Слушатели ничего не ответили, а только завозились на стульях.
Евгений откинулся на спинку стула.
— Я познакомился с Андреем Завулоновым случайно, можно сказать, при самых неблагоприятных для меня обстоятельствах, при воспоминании о которых у меня и сейчас по телу пробегают ледяные капли. Советская власть перешла от добровольческой армии к мобилизационной. В первую мобилизацию я был взят на службу и был отправлен на один из фронтов. Мобилизованные со мной товарищи разбежались при первой же возможности. Последовать примеру товарищей, при всем моем желании, судьба мне не позволила, и я был отправлен на фронт. На фронте, как принято говорить, тогда было не разбери-бери. Наша дивизия, к которой был причислен и я, при первом столкновении с белыми бросила оружие и в паническом страхе бежала в тыл. Этой дивизией командовал Андрей Завулонов. Какие бы он меры ни принимал, дивизия катилась назад и не принимала никаких боёв, даже при встрече с небольшими разъездами. Андрей Завулонов дал приказ к отступлению. Шли мы четыре дня большой скоростью, так что враг остался довольно далеко позади. Пришли в небольшой городок. На окраине этого города остановились на ночлег, переночевали. Наутро был дан приказ выстроиться. Выстроились. Погода была отвратительная, вместо прекрасного украинского неба было просто, какое-то недоразумение: висели, трепались над головами грязные лохмотья, из которых на нас мелкими каплями сочился дождь. Дул резкий северный ветер, забирался под шинели, неприятно хлестал мокрыми полами по нашим ногам. Мы стояли выстроенные за городом на дожде и на ветру с раннего утра до самого обеда. Многие из нас стучали зубами от холода. Мы прыгали, скакали, вертелись, чтобы разогреться, и матерно ругались на чём свет стоит.

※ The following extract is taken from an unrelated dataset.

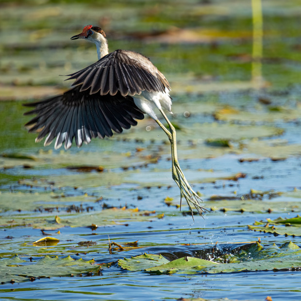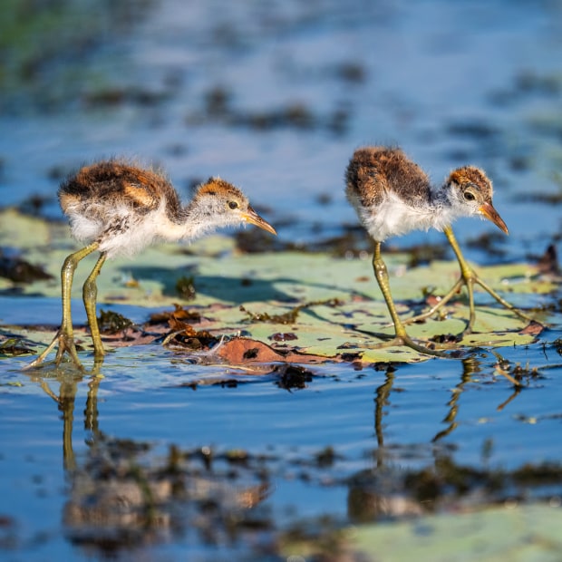 This portfolio celebrates the extraordinary life of the comb-crested jacana, a bird whose oversized toes allow it to appear as though it walks on water. Moving lightly across floating lilies, the adult demonstrates both grace and precision, while its downy chicks mimic the same improbable feat on unsteady legs.

Начальство собралось в кучу и было в стороне и тоже бегало, подпрыгивало. Но вот из города показалось несколько конных всадников. Командиры бросились к своим ротам. Фронт был растянут больше, чем на версту. Командиры еле-еле успели добежать к своим ротам. Рота, в которой находился я, была первой к городу. Наш командир выхватил шашку, вытянулся, скомандовал „смирно“ и, звеня шпорами, побежал навстречу всадникам.
— Здорóво, товарищи! — выкрикнул начальник дивизии.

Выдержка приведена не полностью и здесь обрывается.